- The Washington Times - Monday, December 21, 2009

Chris Guillebeau has never had a “real” job. At 31, he makes a living by advising others how to make a living without having a “real” job.

Mr. Guillebeau started out as a blogger less than two years ago, but he is already on track to earning six figures annually by selling self-published manuals on “life, work and travel.” That’s his projection for 2010. This year, he estimates he has earned up to $80,000.

“I help people live unconventional lives - to think differently, question assumptions and authority, find out what they are passionate about and overcome gatekeepers,” he said. “For me, a large part of challenging authority involves looking for alternatives to the way most people do things.”

His blog, “The Art of Non-Conformity,” is still free, but his manuals have attracted enough interest so he doesn’t need another income to live on.

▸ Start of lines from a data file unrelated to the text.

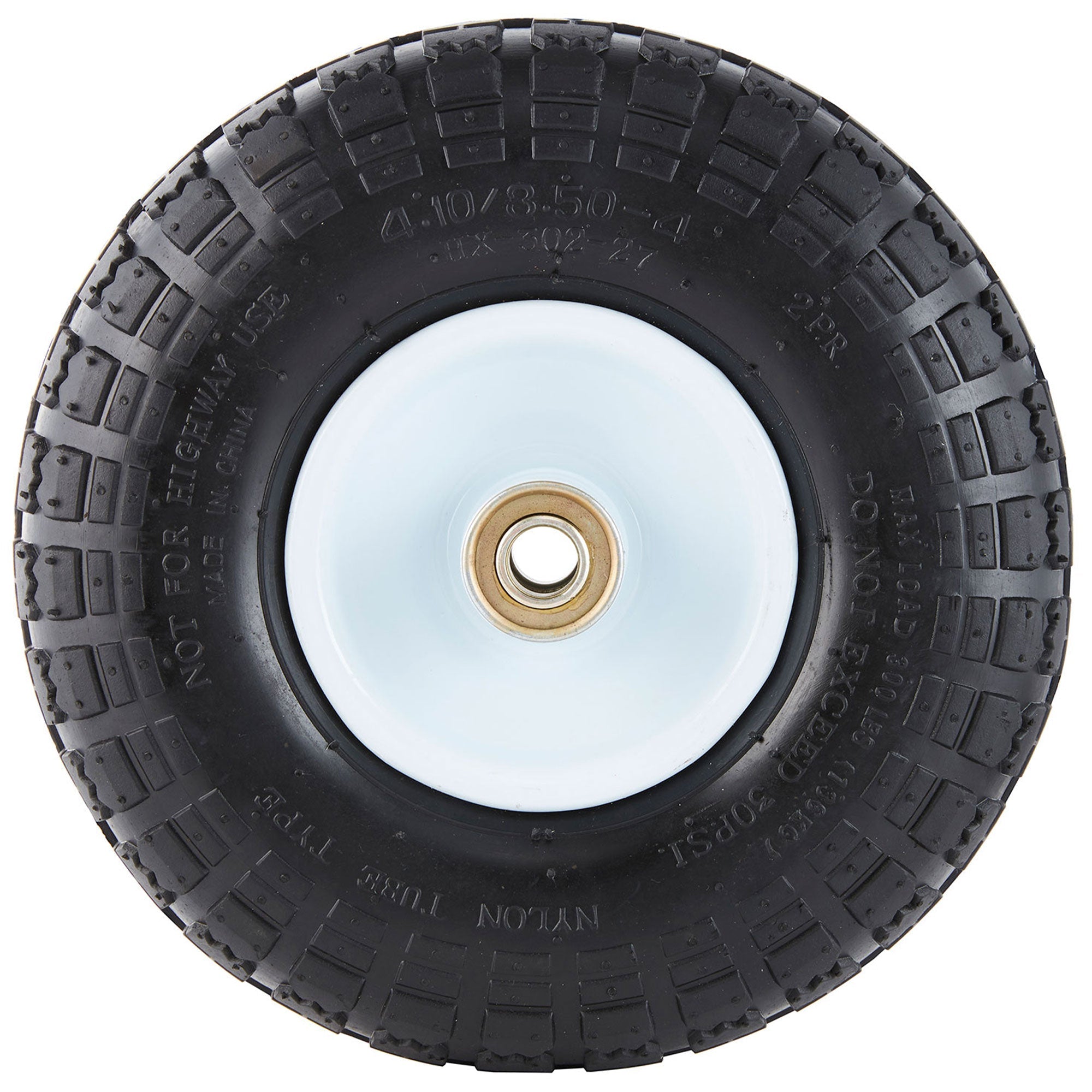 Switch out these heavy-duty pneumatic replacement turf utility cart tires on hand trucks, air compressors, garden and lawn carts, wagons, and more. Made of solid polyurethane, these long-lasting replacement tires have an offset wheel hub and boast a weight capacity of 300 pounds, giving you the flexibility to haul various materials. Each tire also features heavy-duty ball bearings and 5/8-inch bore size. The tire from top to bottom measures 10 inches with a 4-inch rim, 5/8 inch bore, and 3.5 inches of the tire all around the rim. These wheelbarrow tires are a perfect replacement for pneumatic tires and are compatible with many brands.
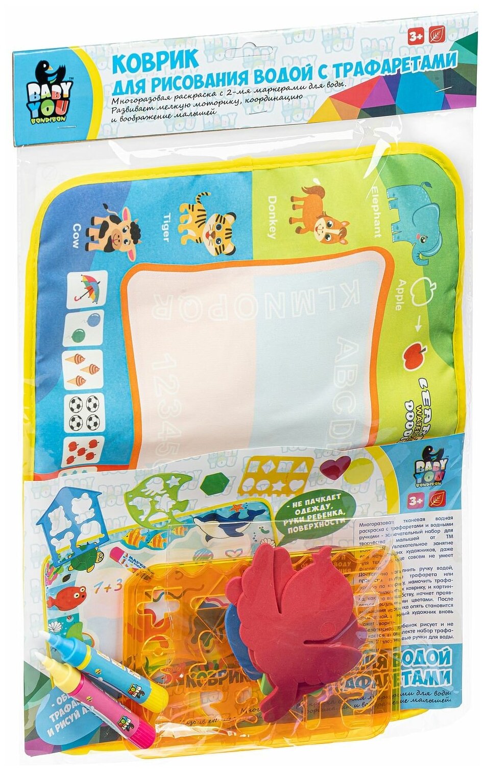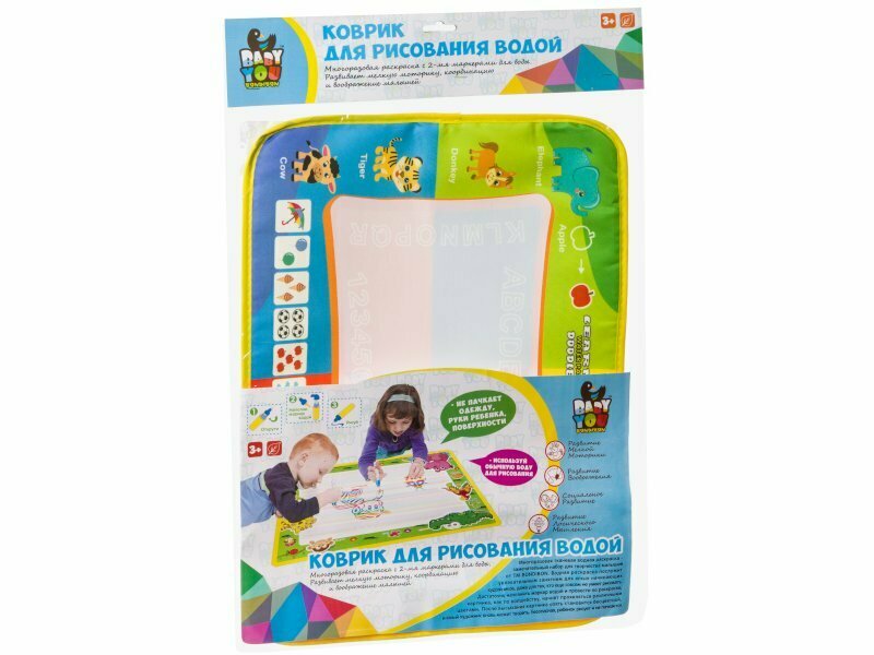 В составе набора: тканевый коврик для рисования 39х29 см, 2 трафарета (цифры и фигуры), 2 пластиковые ручки для воды, 8 шаблонов.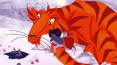 Девочка и тигр едут на велосипеде по весеннему городу за свежими булочками Они — лучшие друзья, вместе растут, вместе играют, радуются жизни вплоть до особого дня, когда для одного из них город становится слишком тесен

“About 95 percent of the people who read me will never buy anything, and that’s totally fine. But the model is able to sustain itself because 5 percent do invest in the products,” he said. “Next year, it should be a six-figure business. I don’t need to grow it beyond that - I’m not trying to get rich.”

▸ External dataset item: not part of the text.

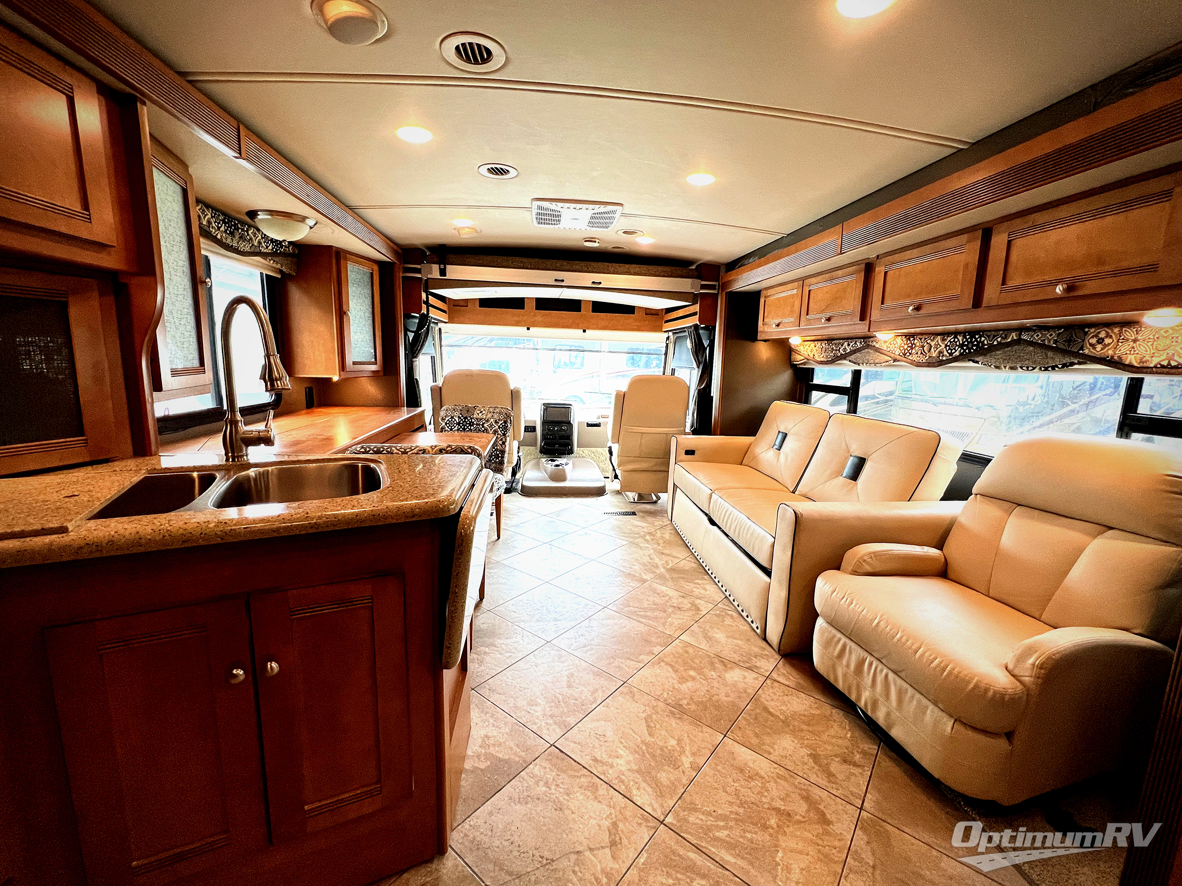 With a Sightseer Class A gas motorhome, you get the ultimate traveling experience. The fully-loaded cab area will make it fun for you to get to each vacation destination with its multi-adjustable cab seats that slide, recline, and swivel and its multimedia color touch screen. The OnePlace systems center that has been included in the Sightseer is a very handy feature that allows you to monitor and control key systems from one convenient location, instead of having to walk back and forth between the thermostat and the generator, and the 50 AMP power cord will ensure that you will always be able to enjoy the many modern conveniences that the Sightseer has to offer.

Mr. Guillebeau, who lives in Portland, Ore., said he has “personally connected” with about half of his 20,000 readers - mostly by e-mail, but also meeting many of them during his travels across the country and around the world. Travel is one of his passions, and he has visited more than 100 countries so far.

Ben Lopatin, business director of Wellfire Interactive, a Web-design firm, said he was initially familiar with Mr. Guillebeau’s travel blog posts but “kept reading because of his writing about entrepreneurship and unconventional perspectives on work life.”

“He’s not preaching a ‘Get rich quick’ message,” Mr. Lopatin said during one of Mr. Guillebeau’s “meet-ups” on a recent trip to Washington, where about three dozen of his fans showed up. “He’s offering tips and perspectives on rethinking how to work for the things that really matter to you.”

Elliot Susel, another reader who works for the consulting firm Accenture, said it was “abundantly clear” from his conversation with Mr. Guillebeau that “he practices what he preaches.”

“Although he’s able to provide highly individualized guidance, he instead focuses on empowering each individual with the tools that they need to make tough decisions,” Mr. Susel said.

From Mr. Guillebeau’s writing, one wouldn’t know he is a high-school dropout - after a year, he decided that, while he liked learning, he disliked everything else about high school. He began taking classes at a community college in Alabama at 16.

“They never asked for a high school diploma, and by the time they realized I didn’t have one, I’d finished one quarter and had good grades, so they let me keep going,” he recalled. When he transferred to a four-year college, he was attending classes at three schools at the same time, then pulled all his credits together and graduated in two years with a degree in sociology.

Around that time, Mr. Guillebeau got the closest thing to a “real” job - working the night shift at Federal Express in Memphis for a couple of months. Next, he started importing coffee from Jamaica and reselling it to U.S. distributors. He also sold things on eBay.

“In 1998, you could put anything on eBay and sell it. You could go to the store, buy things and people would pay more for them, just because of the novelty of it,” he said. “I went from making $20,000 to $200,000 a year.”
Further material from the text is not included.